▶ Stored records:
════════════════
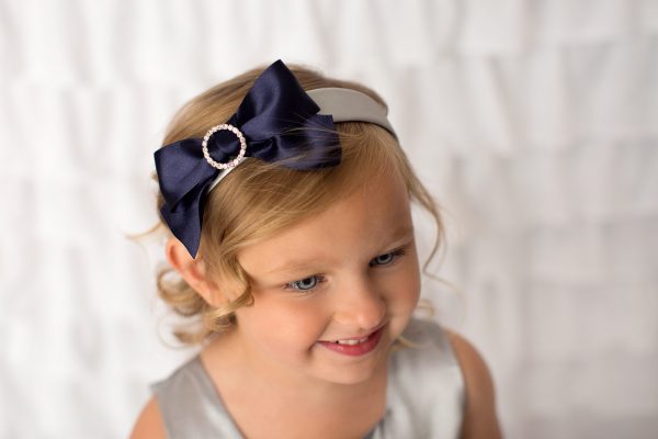 Outlet, Sale, Solid headbandsNavy grosgrain double bow decorated with rhinestone on a navy satin alice band.
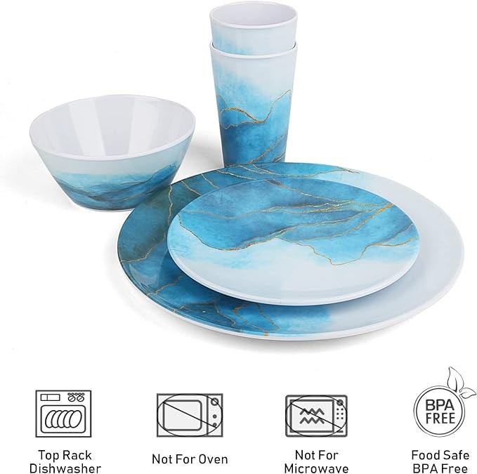 • Food Safe Melamine - The Melamine Dinnerware Set is made of 100% premium melamine,a hard plastic like ceramic but lighter and more durable, not easy to break, the material is BPA Free, odorless and food-safe
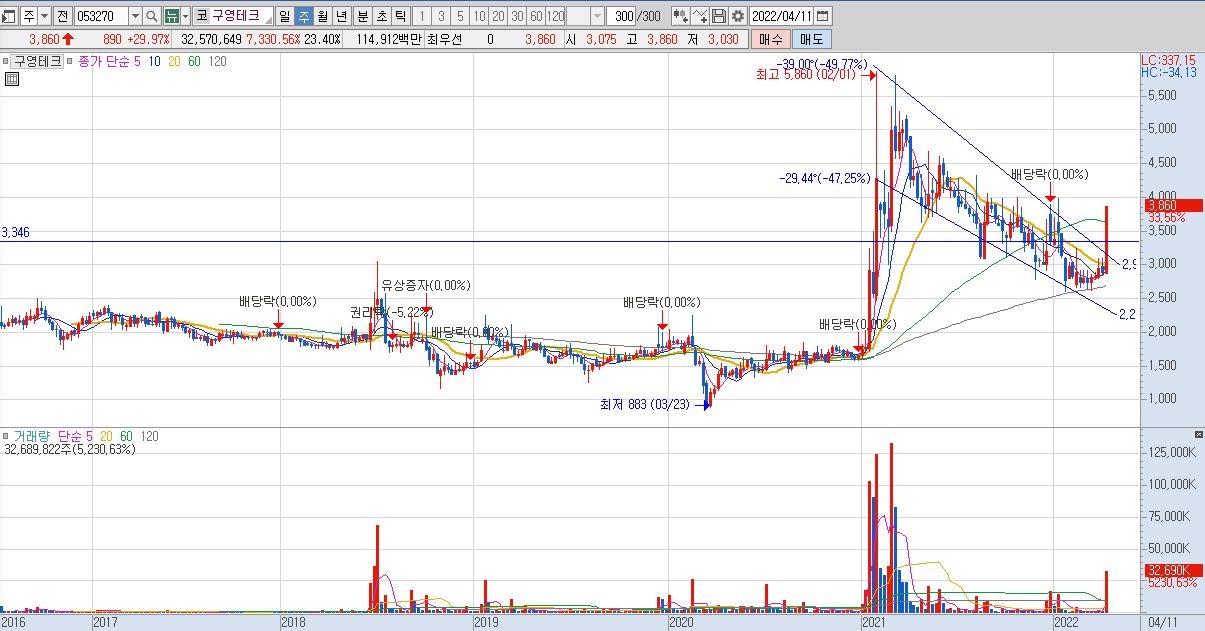 구영테크는 2021년 급등 이후로 계단식 하락을 만든 후에 오늘 급등을 하면서
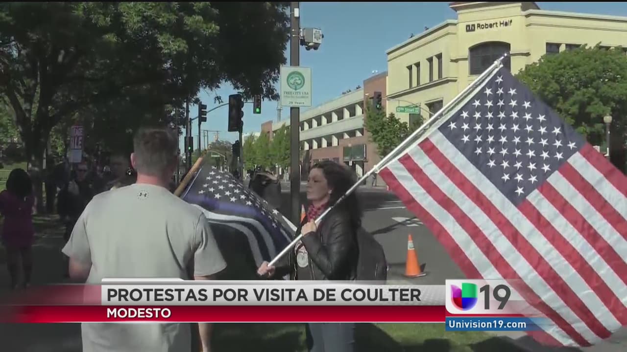 Protestas en Modesto por la visita de la conservadora Ann Coulter
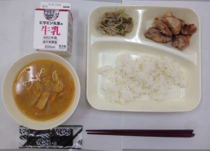 ごはん、牛乳、鶏肉の照り焼き、みそ汁、野菜いため、焼きのり です。
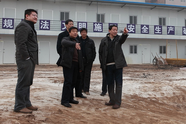 肖董事長先后到富平實驗中學(xué)、富平縣公共服務(wù)中心應(yīng)急避難工程項目及富平縣狀元府邸住宅小區(qū)建設(shè)項目工地進行了視察,聽取各個項目部負責(zé)人項目進展情況匯報,劉晏總會計師也介紹了各個項目基本情況,肖董事長在總結(jié)時,對各個項目的整體工作給予了肯定,并指出了項目施工現(xiàn)場上存在的個別安全隱患問題要注意加強防范,同時也對施工現(xiàn)場加強形象標示工作提出了要求。
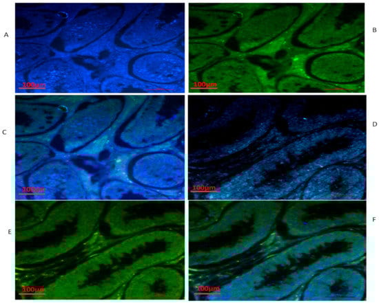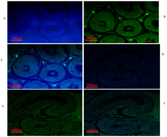 Briefly, slides of deparaffinized tissues were incubated overnight at 4 °C with primary antibodies against TEX11, ESRα, and BOLL. Slides were subsequently washed in PBS, an analogous secondary antibody was added, and segments were incubated at 37 °C for 2 h. The segments were then washed again with PBS and diamino-2-phenylidole was used for nuclear staining. Finally, photos were taken using an Olympus microscope (BX53) and a camera (Olympus DP73, Olympus Corporation Company, Tokyo, Japan).
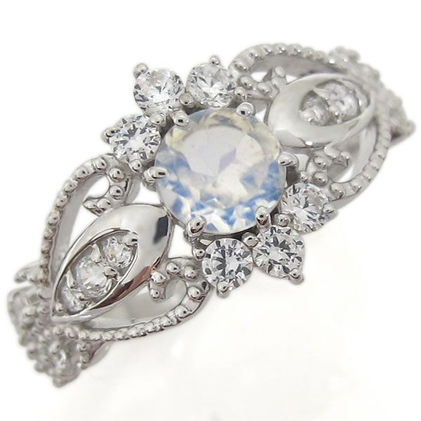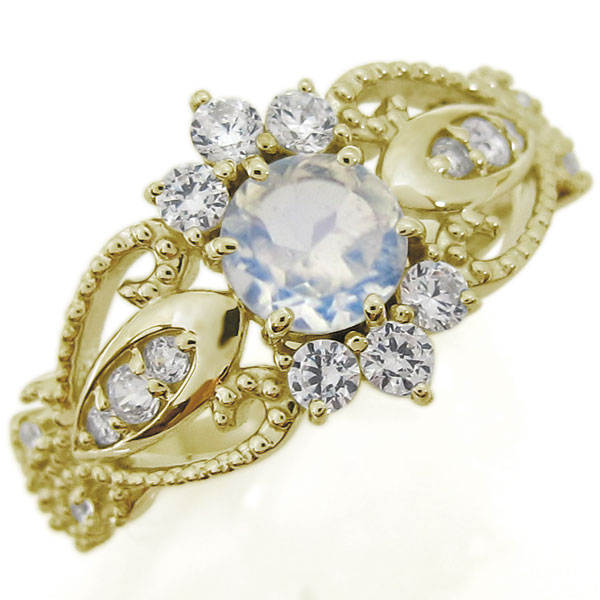 アンティーク調 ロイヤルブルームーンストーンリング ミル打ち 指輪 K18
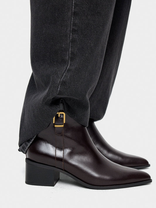 Leather Ankle Boots With Buckle
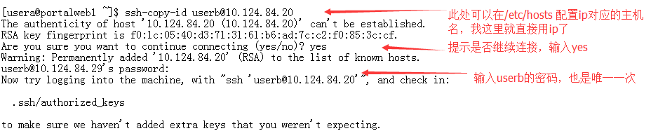 这个时候usera的公钥文件内容会追加写入到userb的 .ssh/authorized_keys 文件中
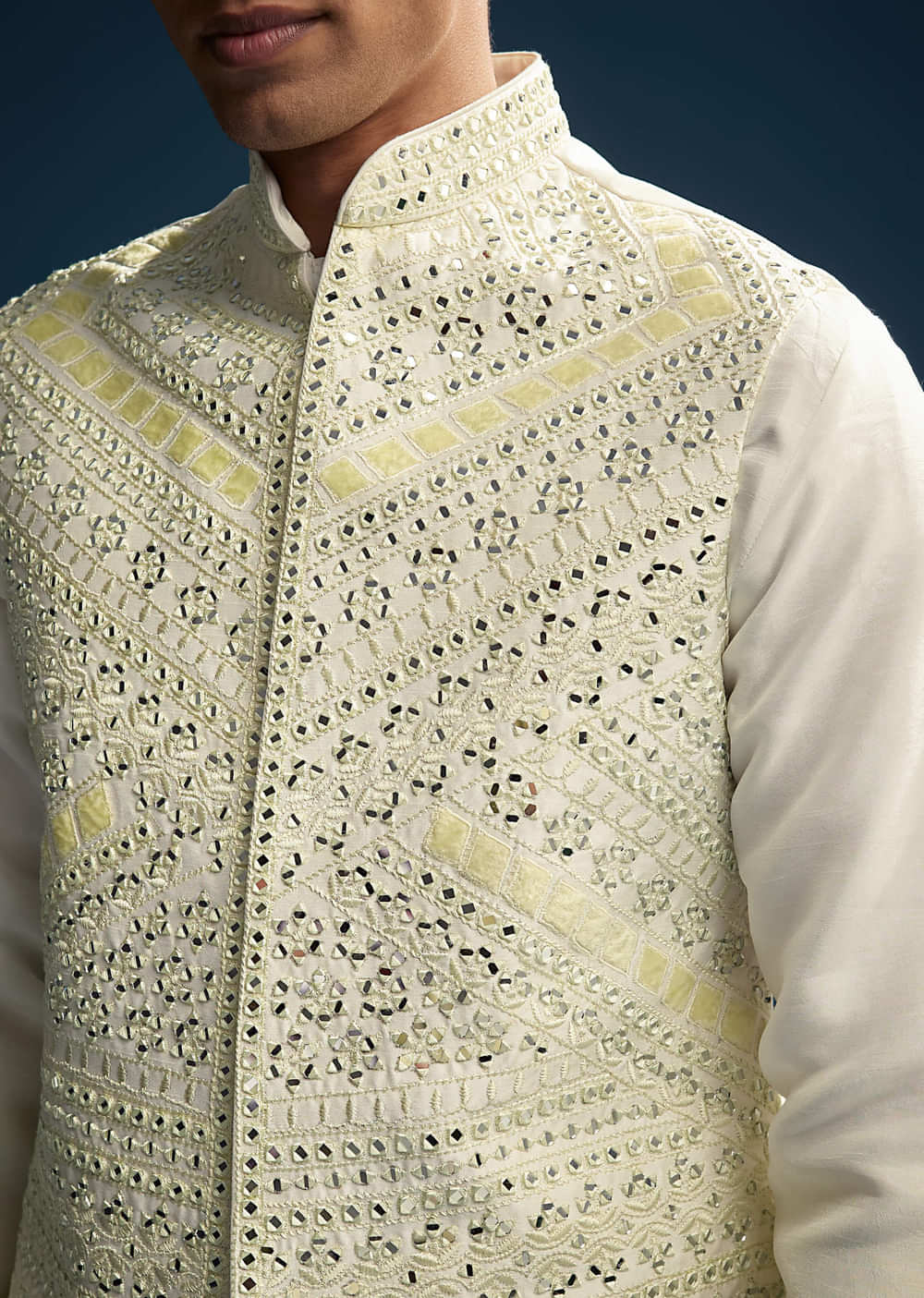 This yellow silk kurta jacket set for men carries a joyful tone with patch and mirror embroidery worked into the jacket. The colour is lively while the details add richness.... More Product Details
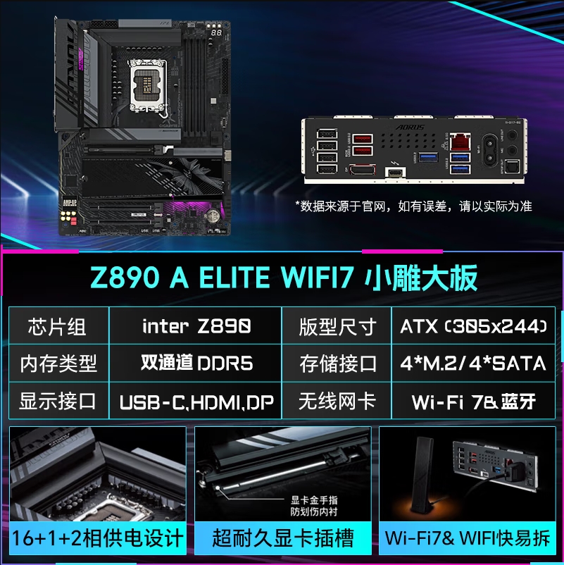技嘉(GIGABYTE)小雕Z890 AORUS ELITE WIFI7 DDR5主板 支持CPU Ultra U9-285K
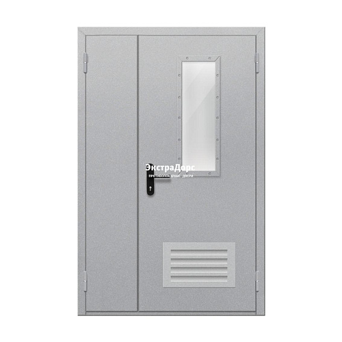 Противопожарная дверь EI 60 ДО-02-EI-60 полуторная остеклённая с прямоугольным окном
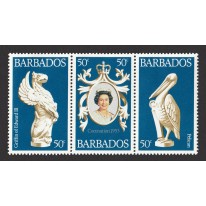 Na znaczkach widnieją kolejno: gryf Edwarda III, portret Elżbiety II oraz rzeźba pelikana brunatnego.
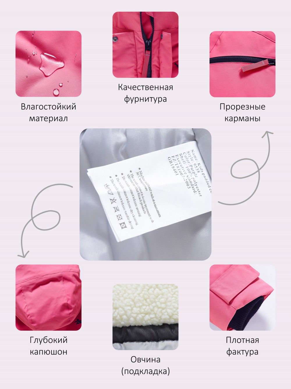 водоотталкивающий материал, гипоаллергенный материал, с разрезом, с начесом, светоотражающие детали, утягивающая модель
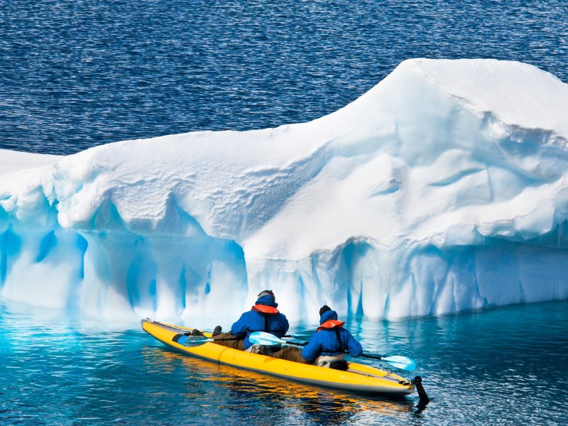 Canadá es uno de los mejores lugares del mundo para ver icebergs, y en Newfoundland puedes hacerlo desde la costa, en un bote turístico o incluso en una aventura guiada en kayak por mar. Estos grandes gigantes blancos se desprenden de los glaciares en el oeste de Groenlandia y flotan hacia el sur a lo largo de una ruta conocida como Iceberg Alley. Incluso puedes ver sus posiciones vía satélite usando icebergfinder.com.
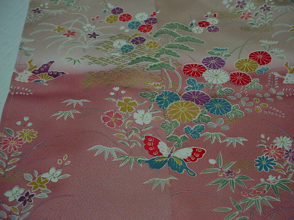 やさしい配色の地色で裾のとき色と横段で高尚な訪問着、また格調の高い小紋としてご利用くださいませ。
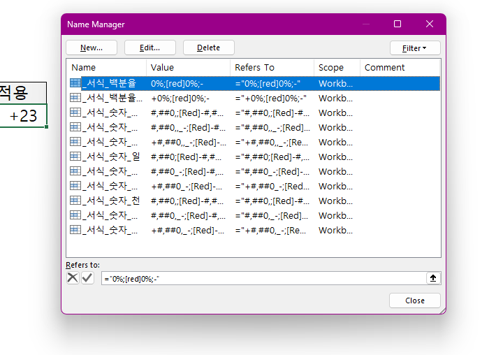 이름정의로 서식 지정하기
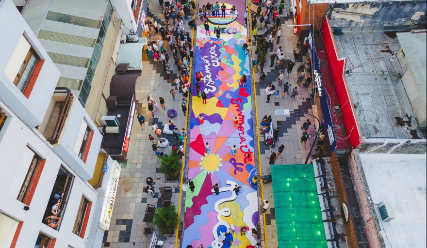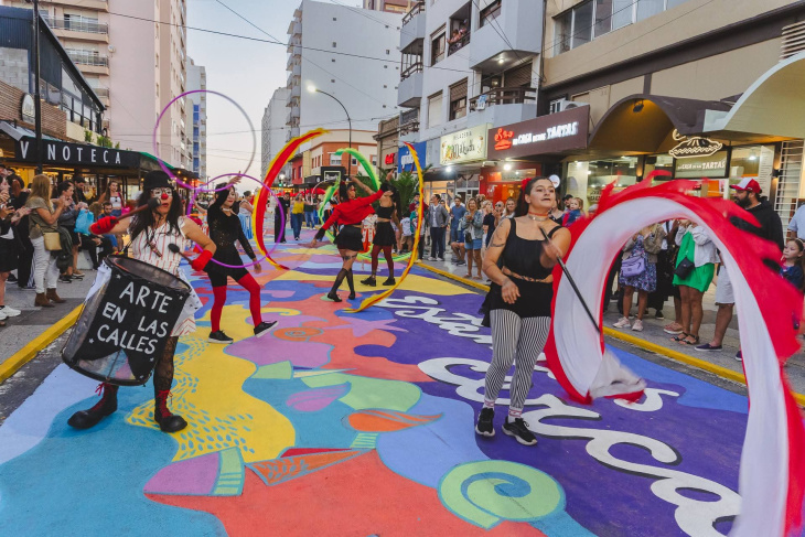 La propuesta consistió en una intervención visual sobre la traza peatonal, acompañada por espectáculos artísticos y un acto sencillo, con la participación de artistas locales y referentes de distintas áreas municipales.
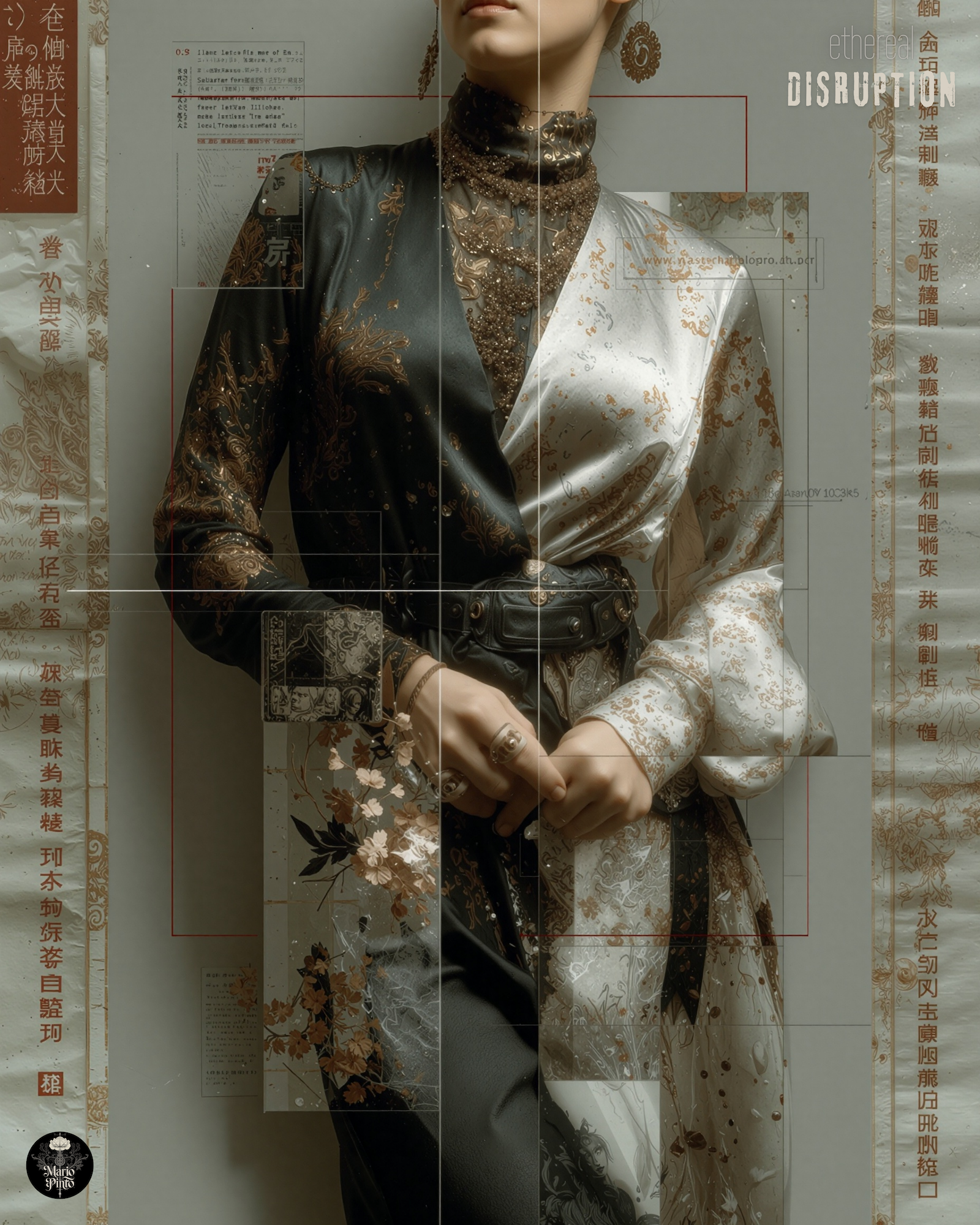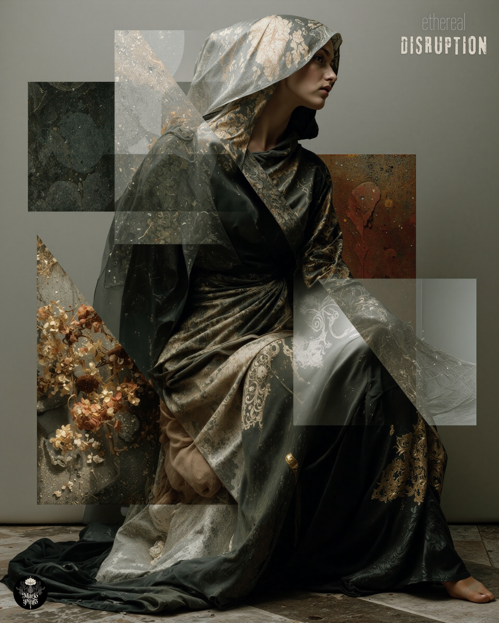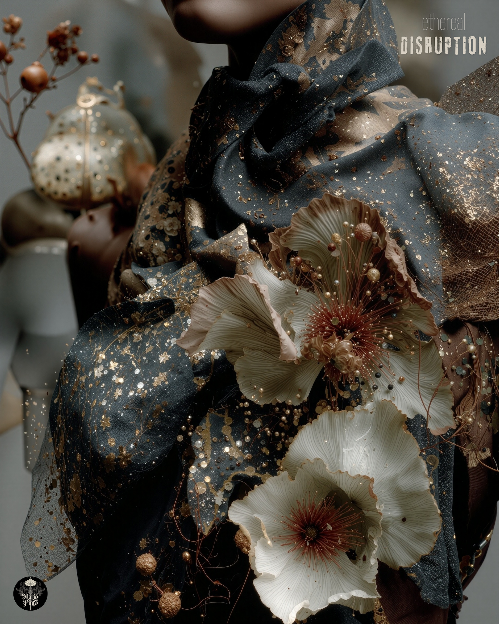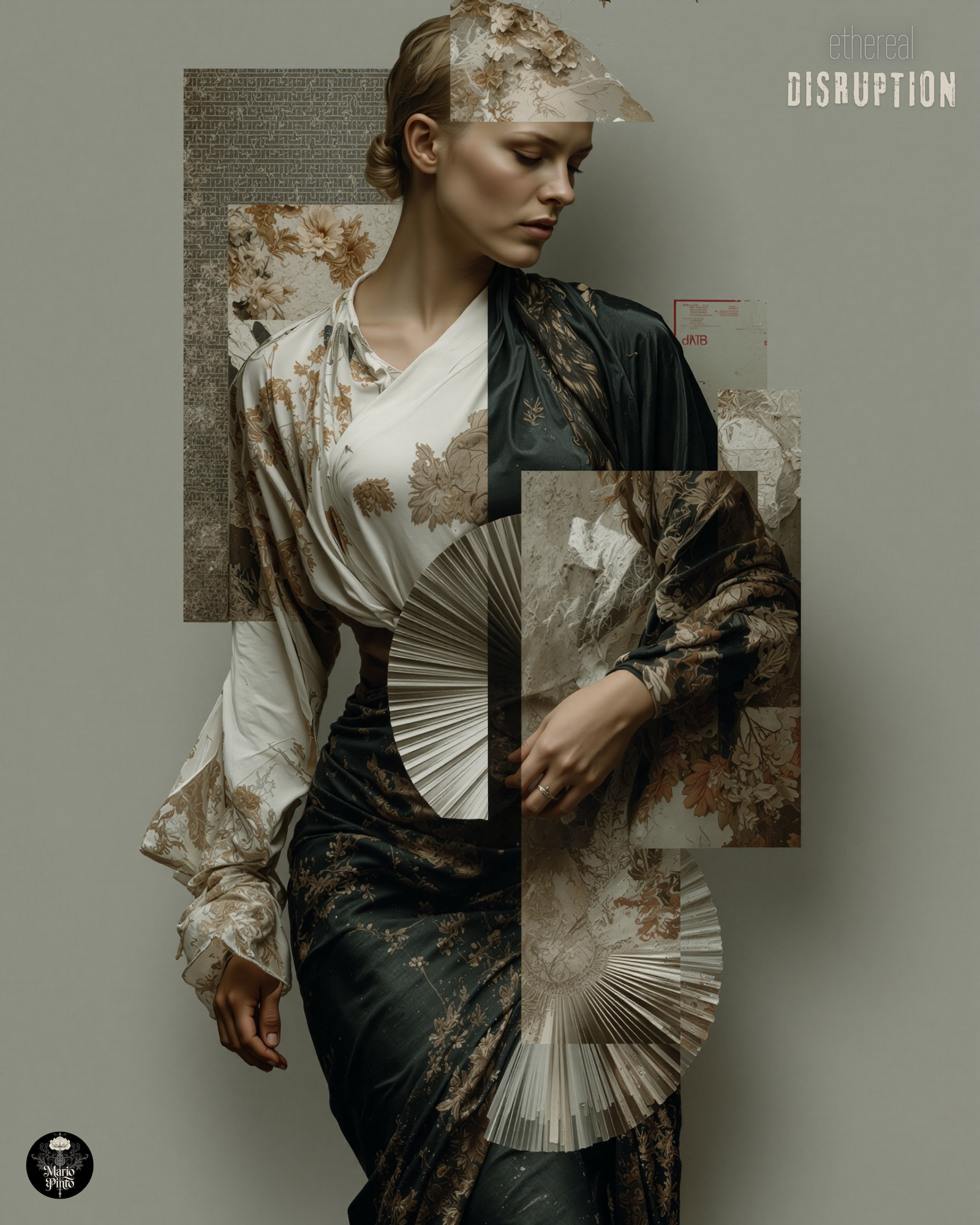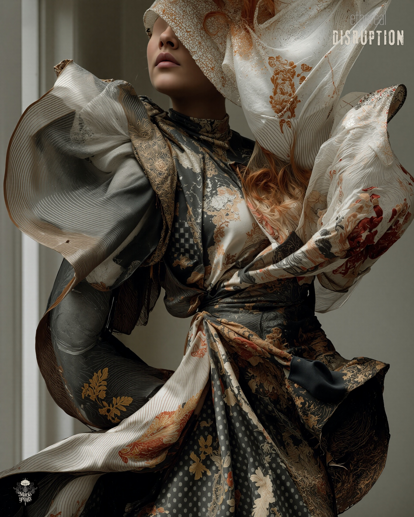 Ethereal Disruption es una colección que juega en el límite entre el diseño de moda y la abstracción artística. Sus siluetas y texturas, al mismo tiempo etéreas y contundentes, desarticulan la idea de prenda funcional para transformarla en un gesto visual. Aquí la innovación convive con lo poético: un territorio lúdico donde la moda se convierte en lenguaje plástico y la abstracción adquiere cuerpo y movimiento
════════════════
▶ What is expected: Set down all the lines above exactly as they appear, with no pictures.

▶ Solution to the exercise:
 Outlet, Sale, Solid headbandsNavy grosgrain double bow decorated with rhinestone on a navy satin alice band.
 • Food Safe Melamine - The Melamine Dinnerware Set is made of 100% premium melamine,a hard plastic like ceramic but lighter and more durable, not easy to break, the material is BPA Free, odorless and food-safe
 구영테크는 2021년 급등 이후로 계단식 하락을 만든 후에 오늘 급등을 하면서
 Protestas en Modesto por la visita de la conservadora Ann Coulter
 ごはん、牛乳、鶏肉の照り焼き、みそ汁、野菜いため、焼きのり です。
 肖董事長先后到富平實驗中學(xué)、富平縣公共服務(wù)中心應(yīng)急避難工程項目及富平縣狀元府邸住宅小區(qū)建設(shè)項目工地進行了視察,聽取各個項目部負責(zé)人項目進展情況匯報,劉晏總會計師也介紹了各個項目基本情況,肖董事長在總結(jié)時,對各個項目的整體工作給予了肯定,并指出了項目施工現(xiàn)場上存在的個別安全隱患問題要注意加強防范,同時也對施工現(xiàn)場加強形象標示工作提出了要求。
 Briefly, slides of deparaffinized tissues were incubated overnight at 4 °C with primary antibodies against TEX11, ESRα, and BOLL. Slides were subsequently washed in PBS, an analogous secondary antibody was added, and segments were incubated at 37 °C for 2 h. The segments were then washed again with PBS and diamino-2-phenylidole was used for nuclear staining. Finally, photos were taken using an Olympus microscope (BX53) and a camera (Olympus DP73, Olympus Corporation Company, Tokyo, Japan).
 アンティーク調 ロイヤルブルームーンストーンリング ミル打ち 指輪 K18
 Leather Ankle Boots With Buckle
 这个时候usera的公钥文件内容会追加写入到userb的 .ssh/authorized_keys 文件中
 This yellow silk kurta jacket set for men carries a joyful tone with patch and mirror embroidery worked into the jacket. The colour is lively while the details add richness.... More Product Details
技嘉(GIGABYTE)小雕Z890 AORUS ELITE WIFI7 DDR5主板 支持CPU Ultra U9-285K
 Противопожарная дверь EI 60 ДО-02-EI-60 полуторная остеклённая с прямоугольным окном
 Na znaczkach widnieją kolejno: gryf Edwarda III, portret Elżbiety II oraz rzeźba pelikana brunatnego.
 водоотталкивающий материал, гипоаллергенный материал, с разрезом, с начесом, светоотражающие детали, утягивающая модель
 Canadá es uno de los mejores lugares del mundo para ver icebergs, y en Newfoundland puedes hacerlo desde la costa, en un bote turístico o incluso en una aventura guiada en kayak por mar. Estos grandes gigantes blancos se desprenden de los glaciares en el oeste de Groenlandia y flotan hacia el sur a lo largo de una ruta conocida como Iceberg Alley. Incluso puedes ver sus posiciones vía satélite usando icebergfinder.com.
 やさしい配色の地色で裾のとき色と横段で高尚な訪問着、また格調の高い小紋としてご利用くださいませ。
 이름정의로 서식 지정하기
 La propuesta consistió en una intervención visual sobre la traza peatonal, acompañada por espectáculos artísticos y un acto sencillo, con la participación de artistas locales y referentes de distintas áreas municipales.
 Ethereal Disruption es una colección que juega en el límite entre el diseño de moda y la abstracción artística. Sus siluetas y texturas, al mismo tiempo etéreas y contundentes, desarticulan la idea de prenda funcional para transformarla en un gesto visual. Aquí la innovación convive con lo poético: un territorio lúdico donde la moda se convierte en lenguaje plástico y la abstracción adquiere cuerpo y movimiento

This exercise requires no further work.